= Growth buyout =

Type of business acquisition

A growth buyout (GBO) is an acquisition intended to allow an investor or holding company to capitalize on the market growth of a maturing portfolio company.

== Characteristics ==
Growth buyouts often target profitable portfolio companies in industries with a high potential for growth. These acquisitions are financed through a combination of debt and equity. Cambridge Associates defines growth buyouts as being a highly growth oriented form of private equity strategy, in contrast to more leverage-oriented strategies like leveraged buyouts (LBO). The holding company in growth buyout transactions seeks to create revenue growth in the portfolio company by expanding market share. This model has also been called "buy and build". Typically this market growth is achieved through strategies like such as acquisitions and the expansion of product lines and distribution.
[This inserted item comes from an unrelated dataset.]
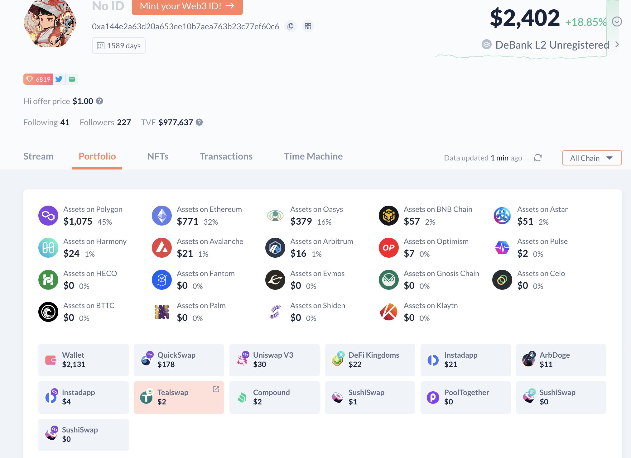 ついにDeBankがOASYS対応! Teal SwapのLPもカウントされてる。 みんなのVoteが実を結んだ! さらに、OASYXのNFT対応のvote立てておきました! OASYXをアイコンに設定できたりするように https://t

During a growth buyout, the holding company often acquires a large stake or even a controlling interest in the portfolio company. This focus on management and control differentiates growth buyouts from growth equity, which typically involves minority ownership. These buyouts carry a certain amount of risk, as they rely upon the expectation of continued growth in the portfolio company. In order to be successful, they require operational expertise and the ability to structure financing and acquisitions.

== History ==
The growth buyout model is often pursued by American and European private equity firms. Growth buyouts have been observed to correlate with increased employment and employee commitment, due to an increased focus on human resource management intended to drive growth.
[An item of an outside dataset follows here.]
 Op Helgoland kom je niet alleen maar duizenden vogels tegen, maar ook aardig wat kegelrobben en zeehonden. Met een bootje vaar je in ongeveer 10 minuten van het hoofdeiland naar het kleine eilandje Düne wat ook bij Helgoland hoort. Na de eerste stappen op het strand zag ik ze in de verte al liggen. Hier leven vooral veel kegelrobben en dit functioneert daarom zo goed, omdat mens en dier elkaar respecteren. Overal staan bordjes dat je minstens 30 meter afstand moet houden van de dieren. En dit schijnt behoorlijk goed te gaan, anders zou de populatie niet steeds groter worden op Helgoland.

Private equity firm TA Associates originally pursued a mixture of early stage and high-growth investments in the 1960s, before shifting to focus exclusively on growth buyouts in the 1980s. Thomas H. Lee Partners acquired Hills Department Store through a growth buyout in 1985, after which the company's sales, operating profit and number of employees grew significantly. The firm acquired J. Baker, Inc. through a growth buyout that same year, increasing its number of stores and licensed sales.

Frazier Healthcare Partners created a dedicated growth buyout fund in 2024 with the goal of acquiring middle-market healthcare companies. The joint venture Accel-KKR has historically pursued growth buyout strategies, especially those focused on technology and software companies such as Energy Services Group, healthcare technology company VisiQuate, fraud prevention and transaction management platform Accertify, and vehicle-to-government technology company Vitu. Technology industry company Metropolis Technologies is also known for adopting a growth buyout model, such as its acquisition of the publicly traded company SP Plus Corporation which was taken private by Metropolis in 2024. Other firms associated with growth buyouts include General Atlantic, which launched its eighth growth fund in 2024, with an $8 billion goal.